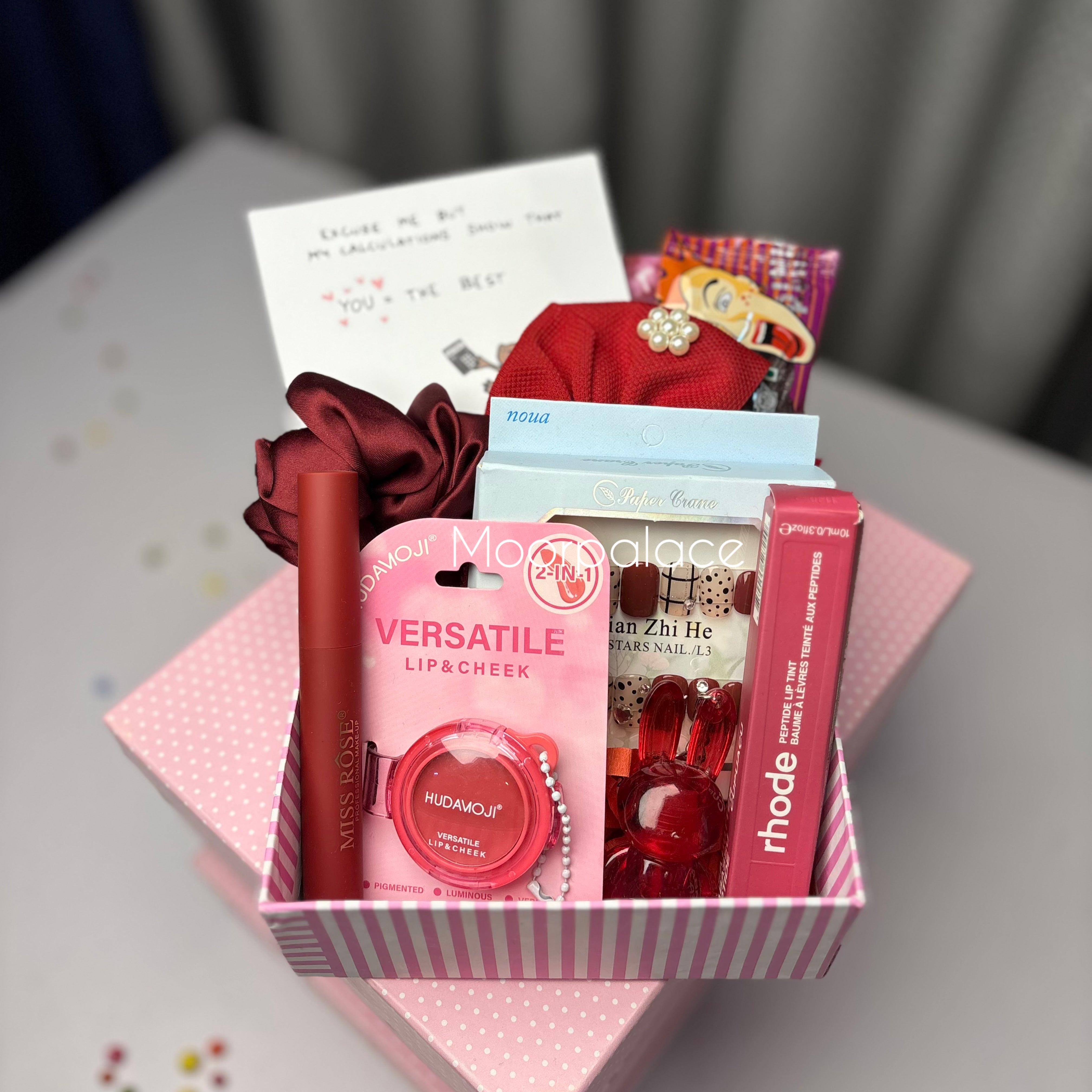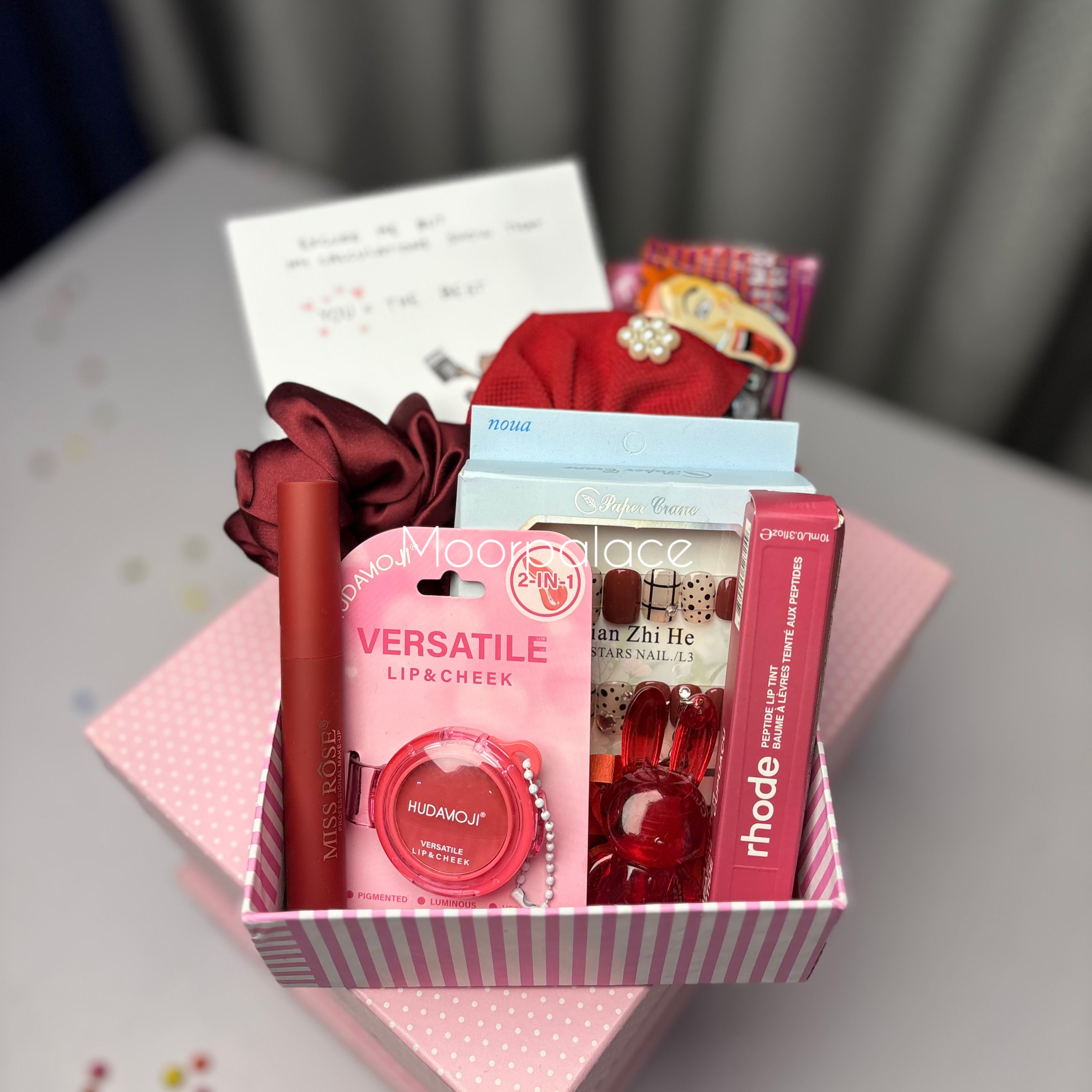 This cutest yet luxury box has nail box, hair bow, tint, lip and cheek blush, matte gloss, scrunchies, lip peptide and jelly wrapped in a beautiful box.
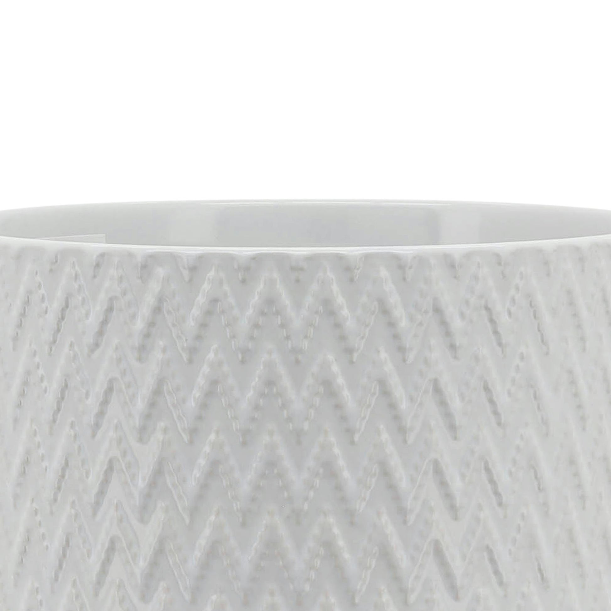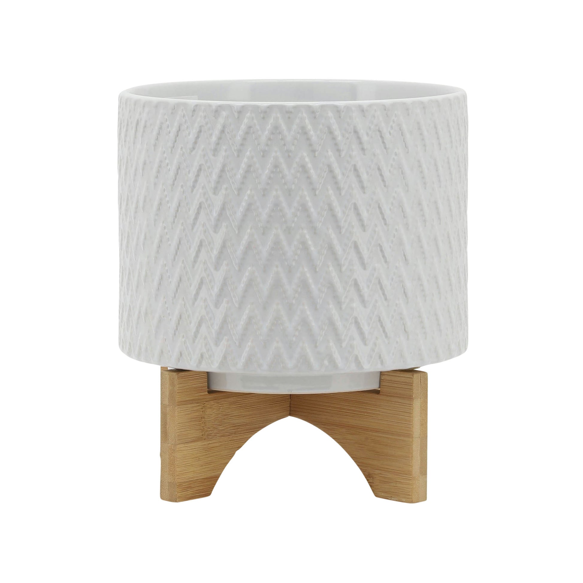 8" Ceramic Chevron Planter with Wood Stand. This light grey planter is an attractive piece on its own. Combined with a wood shelf/stand, it makes a modern statement in addition to holding plants. Planter does not have drainage holes. The perfect planter for planting succulents, terrariums, and indoor house plants. Planter is a light grey ombre with a glossy finish.
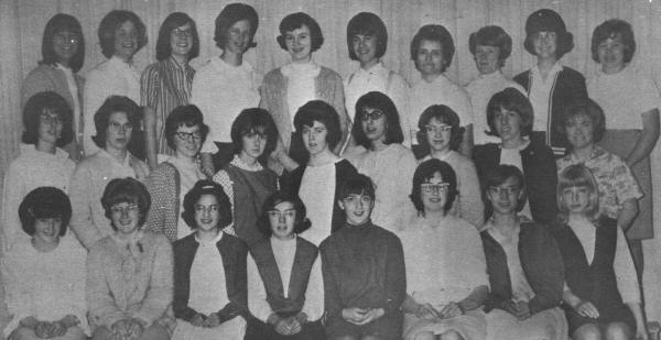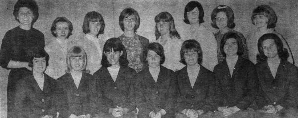 Left to Right FIRST ROW: Valerie Moffat, Joanne Kipp, Mary Thomson, Carolyn Kassiones, Judy Johnson, Noreen Marshall, Gail Stevens SECOND ROW: Miss Minette, coach, Tana Clark, Lynda Jean Nicolson, Lorrie Wilson, Karen Barger, Sharon McHale, Cherie Kassiones, Susan Harvey

Task item: Could each line of the data be written out exactly, with no pictures included?

Task answer:
 This cutest yet luxury box has nail box, hair bow, tint, lip and cheek blush, matte gloss, scrunchies, lip peptide and jelly wrapped in a beautiful box.
 8" Ceramic Chevron Planter with Wood Stand. This light grey planter is an attractive piece on its own. Combined with a wood shelf/stand, it makes a modern statement in addition to holding plants. Planter does not have drainage holes. The perfect planter for planting succulents, terrariums, and indoor house plants. Planter is a light grey ombre with a glossy finish.
 Left to Right FIRST ROW: Valerie Moffat, Joanne Kipp, Mary Thomson, Carolyn Kassiones, Judy Johnson, Noreen Marshall, Gail Stevens SECOND ROW: Miss Minette, coach, Tana Clark, Lynda Jean Nicolson, Lorrie Wilson, Karen Barger, Sharon McHale, Cherie Kassiones, Susan Harvey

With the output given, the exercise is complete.